Actually, few places in the world show the effect that adverse social conditions and life habits can have on health like the all socialist and Bolivarian Venezuela:

The CIA didn’t force Kevin Lugo to forage the poisonous yuca that ended up killing him, lack of food and record inflation did. Warren Buffet didn’t make Ana María Perdomo hang herself after being diagnosed with a lymphoma; realizing the required chemotherapy had to be brought from Colombia at unpayable prices did.

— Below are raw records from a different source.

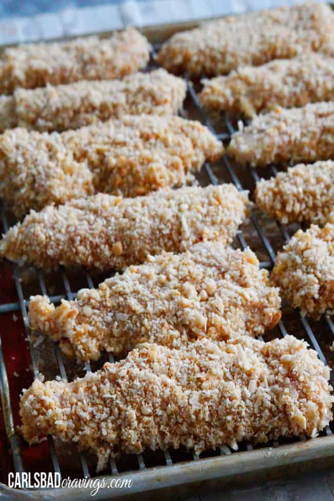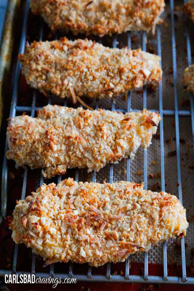 - Bake on a wire rack.ย If you donโt have wire rack, then lightly grease foil and place in the oven to get nice and hot while you prep the chicken.ย Take care when adding your coconut crusted chicken because your pan will be HOT!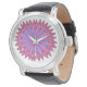 A watch with a pink and pale blue flower design on the face features a Aztec-inspired aesthetic, with a white background to highlight the bold, abstract flower design.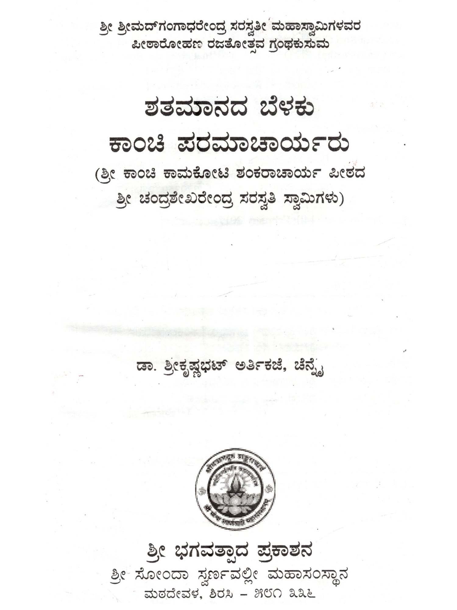 ಸ್ವಾಮಿ ಶ್ರೀ ಚಂದ್ರಶೇಖರಭಾರತೀ ಜಗದ್ಗುರು ದರ್ಶನ- Swami Sree Chandrasekhara Bharati Jagadguru Darshana (Kannada)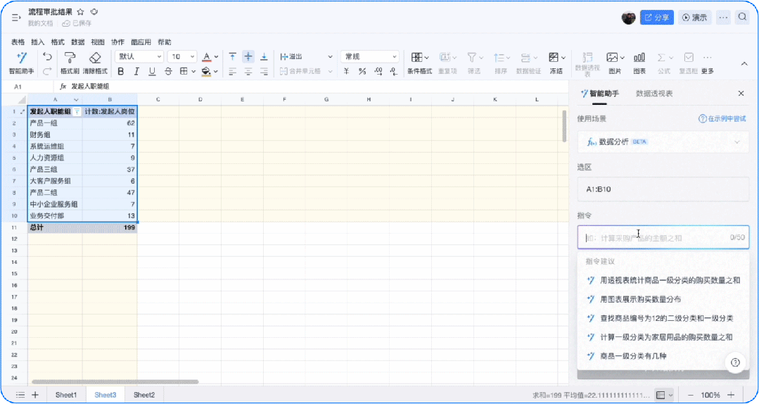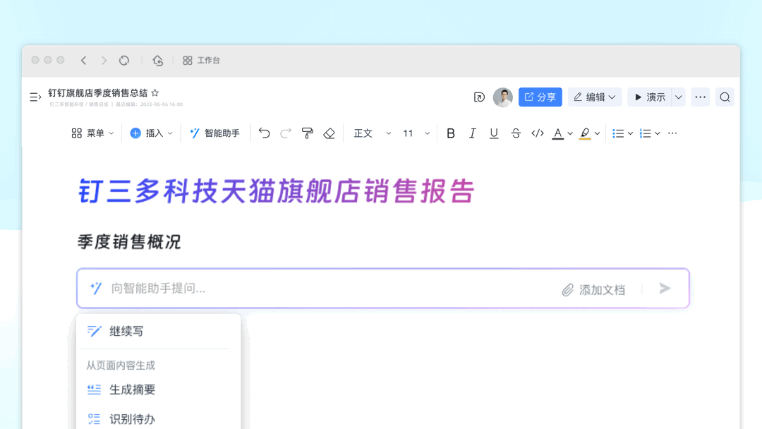 钉钉表格接入斜杠“/”后,基于一份数据量庞大的表格,用户可以像和人交流一样向 AI 提问,获得关于表格数据的重点内容,并且生成相关的数据图表和报告,也可以自动美化。这改变了传统表格的操作方式,用户只需要用自然语言描述需求,降低使用门槛,让更多人成为表格高手。

These are only two of the examples that made it to the newspapers. Most don’t. They’re just forgotten, only another number for a health report that will never be published: Elders whose aneurysms bleed after months without finding their prescribed antihypertensives, underfed babies requiring long disappeared antibiotics, pregnant women forced to skip their prenatal controls to wait hours in a queue for their CLAP bags… They are all faceless victims of this epidemic.

People are dying in Venezuela, at greater numbers every day.  Not because they are not diagnosed in time, not because doctors don’t want or don’t know how to help them and definitely not thanks to Uncle Sam; but simply because the entire health system has collapsed, leaving hospitals without medication, or even doctors to administer them.

This is not the work of David Rockefeller, but the consequence of two decades of economic absurdity and ideological mumbo jumbo.

People are dying in Venezuela, at greater numbers every day simply because the entire health system has collapsed.

When patients’ relatives must walk dozens of pharmacies, pay hundreds of thousands bolívares for imported drugs, long extinct from public hospitals, or in the worst cases, see their loved ones die; they point the fingers at Miraflores and the Cuartel de la Montaña, not Wall St.

Dr. Caporale however, got one thing right: prevention really is the best way to treat a disease. Too bad the government decided to substitute our 50 years old primary attention network for the white elephant known as Barrio Adentro. Last year’s diphtheria outbreak could have been effectively prevented had we had enough vaccines to respond to the first few cases, for example.

Health is a constitutional right, and it’s the State’s obligation to guarantee it (here, let me Google that for you. It’s article 83). I’m sure Dr. Caporale, like every physician, knows that the only way to effectively cure disease is to treat its cause, and the cause of our disease is definitely not capitalism.

So how about we get a serious therapeutic plan in place once and for all?